Real-time (Shelf-life) Stability 4.2.3.

In the on-going real-time stability study, the ß-CrossLaps CalCheck 5 test material is stored at 2-8°C. The CalChecks are tested at T=0 and at specified intervals over the shelf life of the device up to the planned shelf life plus one month. For the lot on stability, data for the time-points at 0, 7, 13 and 19 months tested in duplicate will be available. The average on-test recovery value will be calculated as percent recovery compared to the unstressed reference value (stored at -20°C). The acceptance criterion for CalCheck Level 1 was ≤ 0.05 ng/mL and for CalCheck Levels 2 -5 was 90-110% recovery of the reference material value. Currently the shelf-life claim is 18 months.

Conclusions

The information provided in this 510(k) Premarket Notification will support a determination of substantial equivalence for the ß-CrossLaps CalCheck 5. The data supports a safe, effective device which performs as well as or better than the predicate device.

Regulation Number and Section

§ 862.1660 Quality control material (assayed and unassayed).

(a)
Identification. A quality control material (assayed and unassayed) for clinical chemistry is a device intended for medical purposes for use in a test system to estimate test precision and to detect systematic analytical deviations that may arise from reagent or analytical instrument variation. A quality control material (assayed and unassayed) may be used for proficiency testing in interlaboratory surveys.
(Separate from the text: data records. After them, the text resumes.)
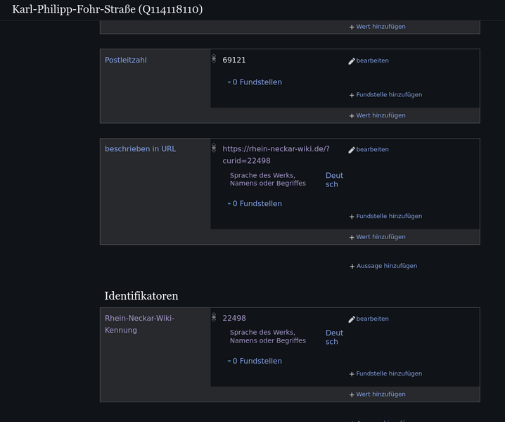- Bildschirmfoto des fertigen Eintrags bei Wikidata.org für die Verbindung mit dem Artikel Karl-Philipp-Fohr-Straße im Rhein-Neckar-Wiki
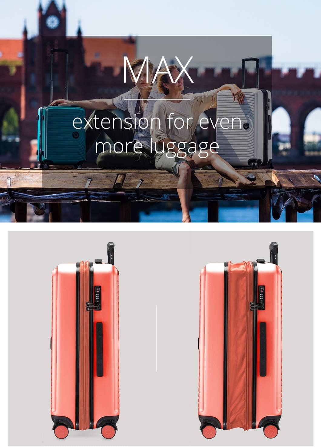 - Volume augmentable : Grâce à une extension de 8 cm, la capacité atteint max. 88 litres.
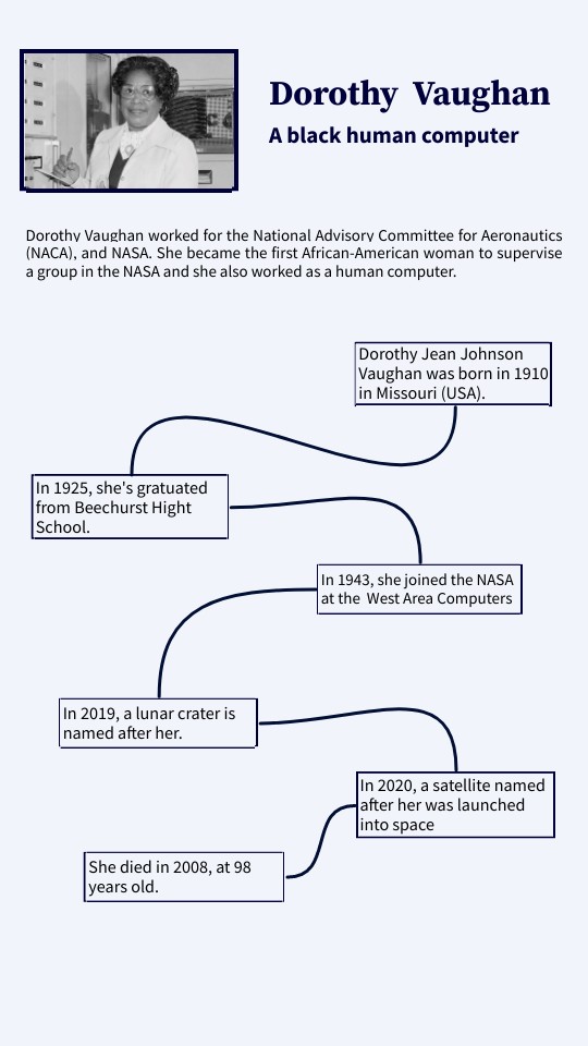 Dorothy Vaughan worked for the National Advisory Committee for Aeronautics (NACA), and NASA. She became the first African-American woman to supervise a group in the NASA and she also worked as a human computer.
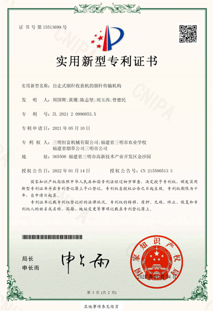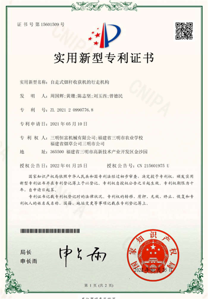 米兰(中国)“周国辉三创工作室”自2019年开始组建,以青年教师周国辉为领衔人,集聚一批扎根创新、创业、创造的教师,以服务三农为愿景使命,以机械、汽车专业建设为基础,以高技能人才培养和技术攻关创新为目标。目前,工作室已获得国家授权发明专利2项、实用新型专利13项、外观专利1项。米兰(中国)与三明恒富机械有限公司的合作,将丰富工作室创新实践平台,力争在项目实施中提升农机技术开发服务能力,实现校企双赢。
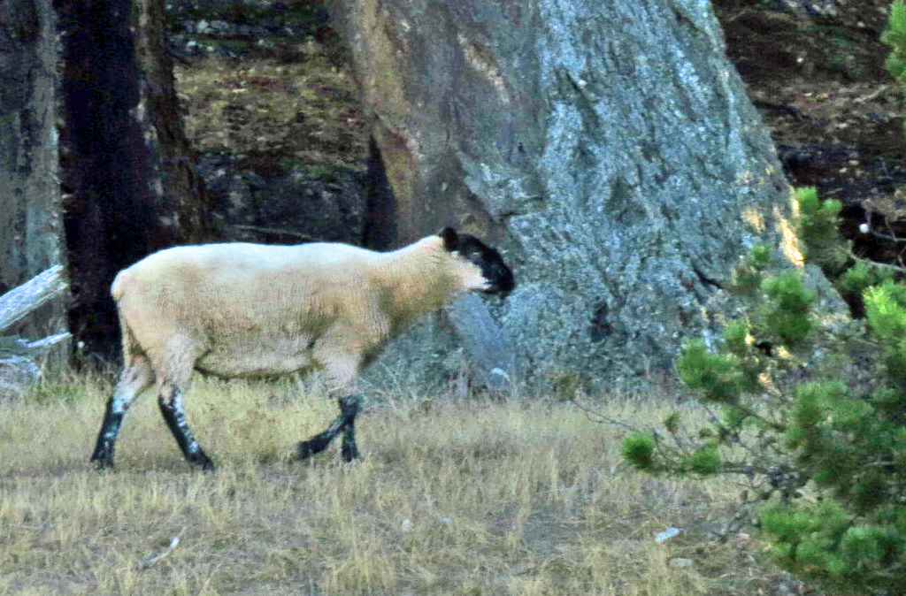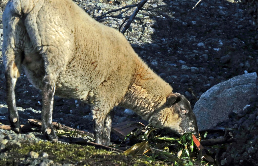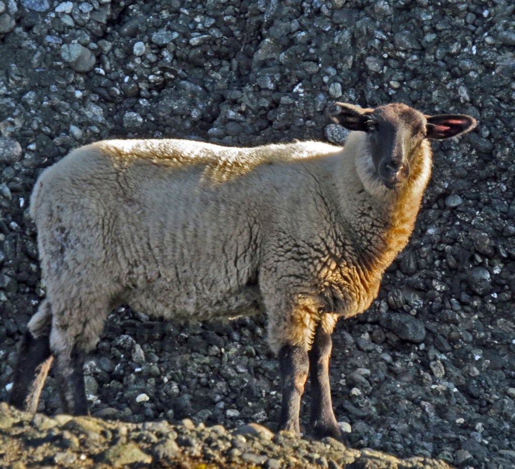 When I reached the entrance, I checked on the fog situation and decided I’d take a chance on going out into the channel. As I rounded the point, I was looking for seals or otters, when, to my amazement, this sheep appeared!
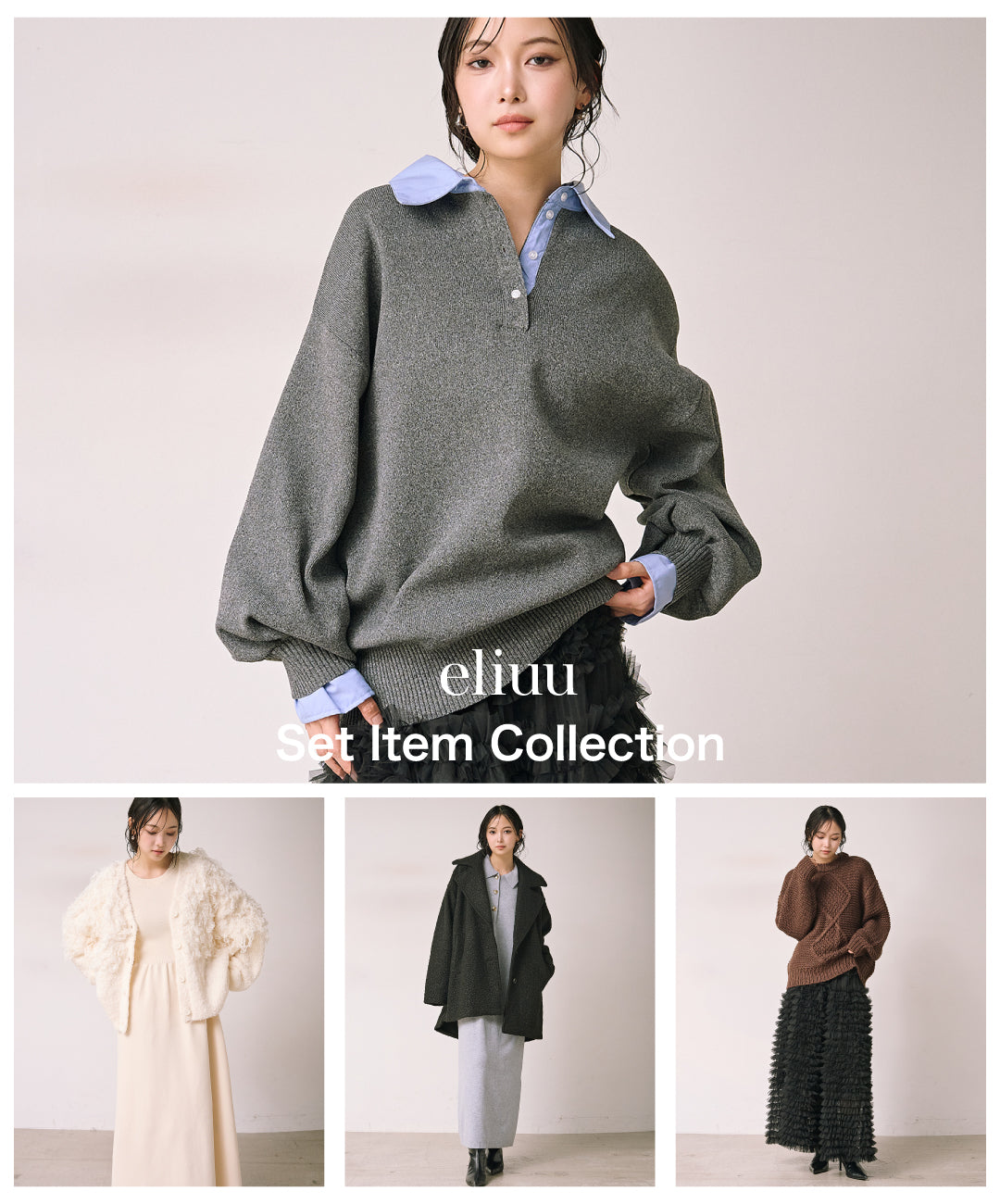 [SET]Texture Combi Polo Knit+Verbena Pin Tulle Skirt

This generic type of device includes controls (assayed and unassayed) for blood gases, electrolytes, enzymes, multianalytes (all kinds), single (specified) analytes, or urinalysis controls.(b)
Classification. Class I (general controls). Except when intended for use in donor screening tests, quality control materials (assayed and unassayed) are exempt from the premarket notification procedures in subpart E of part 807 of this chapter subject to the limitations in § 862.9.